• TASK DIRECTIONS
Take the whole listing and reproduce it exactly, pictures excepted.

• COLLECTED DATA
◇ ◇ ◇
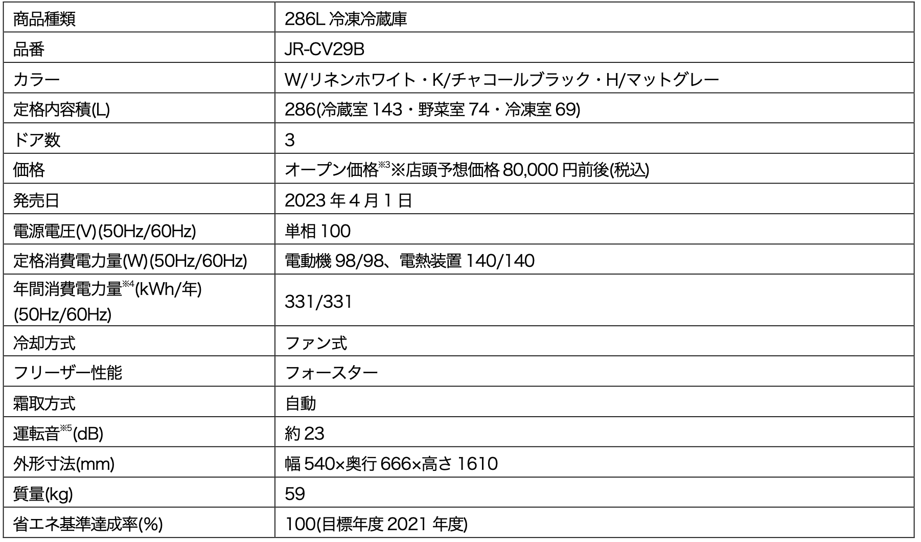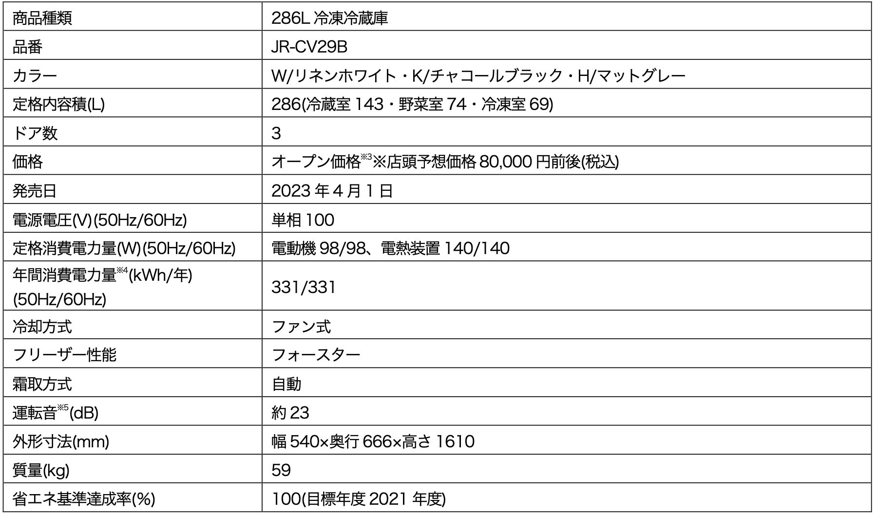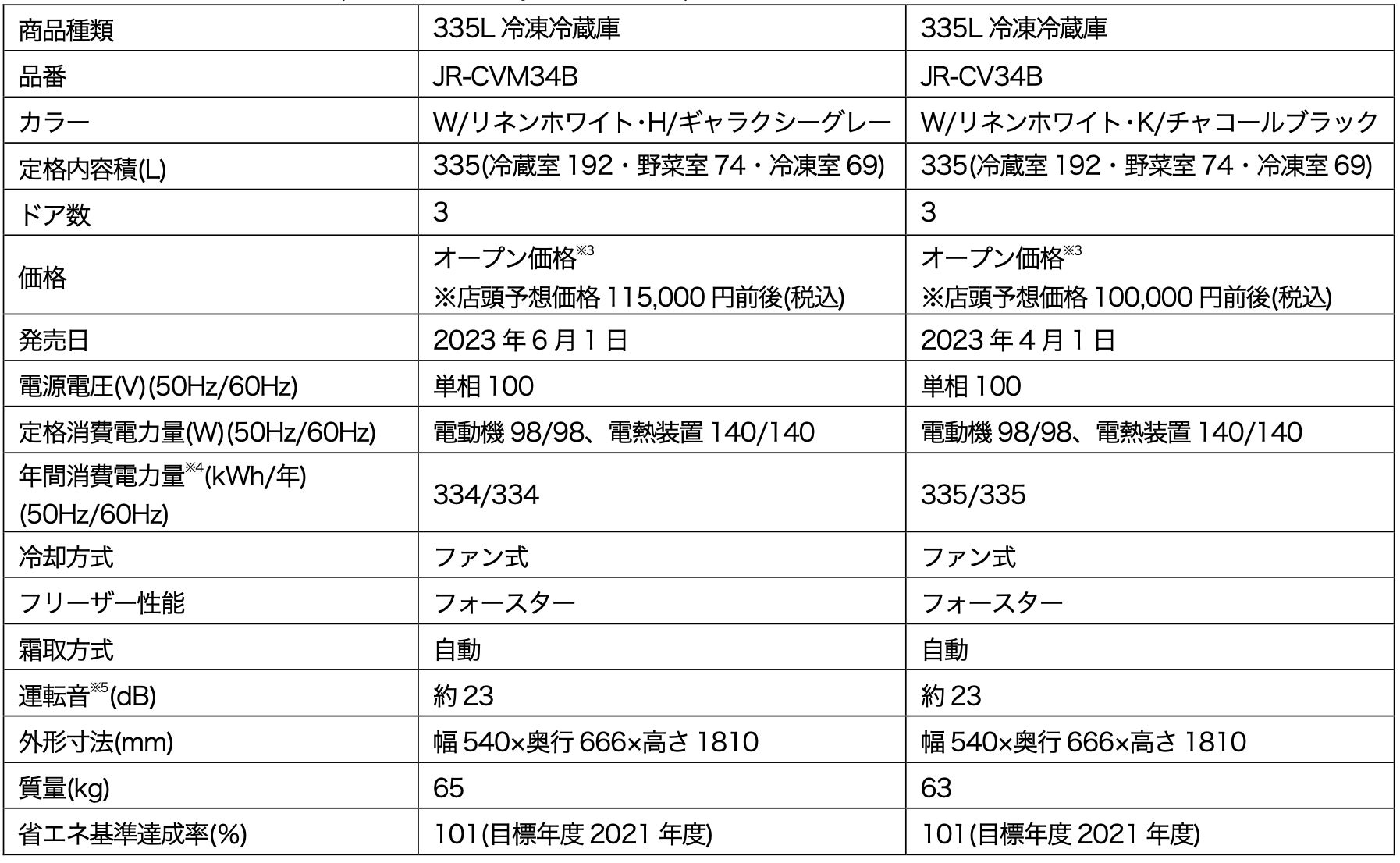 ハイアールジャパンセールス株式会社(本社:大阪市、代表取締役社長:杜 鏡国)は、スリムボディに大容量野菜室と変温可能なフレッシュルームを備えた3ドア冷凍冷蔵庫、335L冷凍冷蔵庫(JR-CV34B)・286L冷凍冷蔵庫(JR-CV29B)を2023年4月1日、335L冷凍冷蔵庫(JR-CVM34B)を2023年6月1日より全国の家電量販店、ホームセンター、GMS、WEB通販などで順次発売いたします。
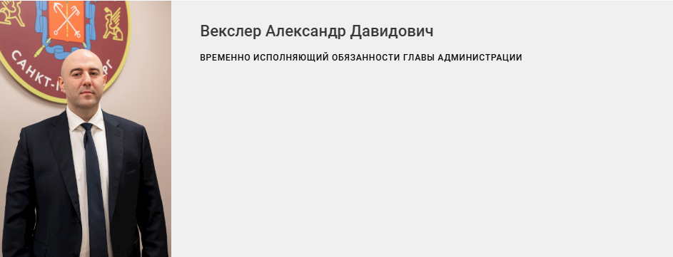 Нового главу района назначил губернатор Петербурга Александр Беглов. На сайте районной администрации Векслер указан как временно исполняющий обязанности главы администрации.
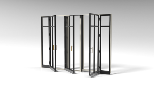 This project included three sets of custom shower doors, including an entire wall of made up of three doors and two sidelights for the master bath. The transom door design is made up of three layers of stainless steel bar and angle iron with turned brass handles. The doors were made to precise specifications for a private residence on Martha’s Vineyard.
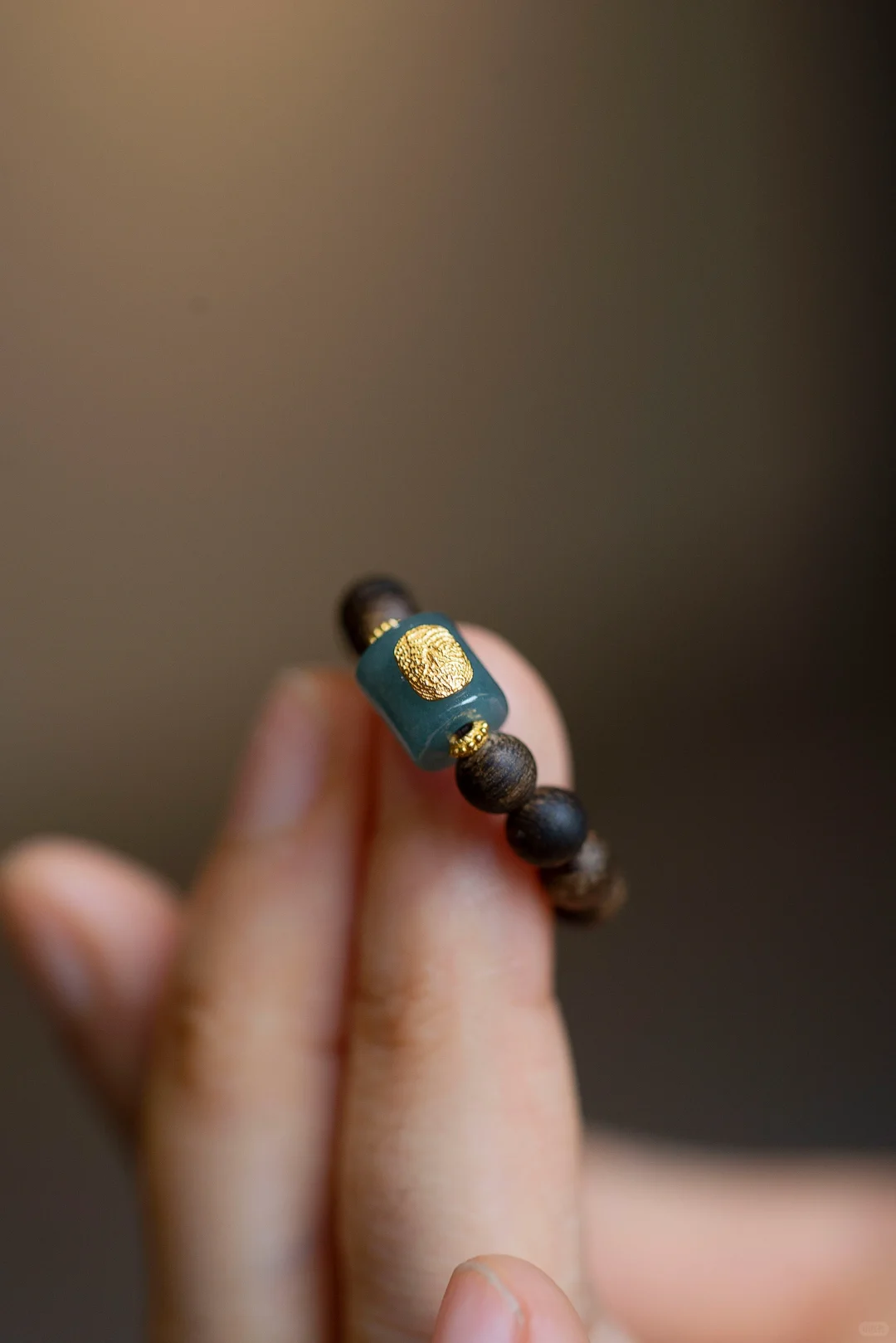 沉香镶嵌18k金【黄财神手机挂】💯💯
◇ ◇ ◇
• RESPONSE FOR THIS EXERCISE
 ハイアールジャパンセールス株式会社(本社:大阪市、代表取締役社長:杜 鏡国)は、スリムボディに大容量野菜室と変温可能なフレッシュルームを備えた3ドア冷凍冷蔵庫、335L冷凍冷蔵庫(JR-CV34B)・286L冷凍冷蔵庫(JR-CV29B)を2023年4月1日、335L冷凍冷蔵庫(JR-CVM34B)を2023年6月1日より全国の家電量販店、ホームセンター、GMS、WEB通販などで順次発売いたします。
 Нового главу района назначил губернатор Петербурга Александр Беглов. На сайте районной администрации Векслер указан как временно исполняющий обязанности главы администрации.
 This project included three sets of custom shower doors, including an entire wall of made up of three doors and two sidelights for the master bath. The transom door design is made up of three layers of stainless steel bar and angle iron with turned brass handles. The doors were made to precise specifications for a private residence on Martha’s Vineyard.
 沉香镶嵌18k金【黄财神手机挂】💯💯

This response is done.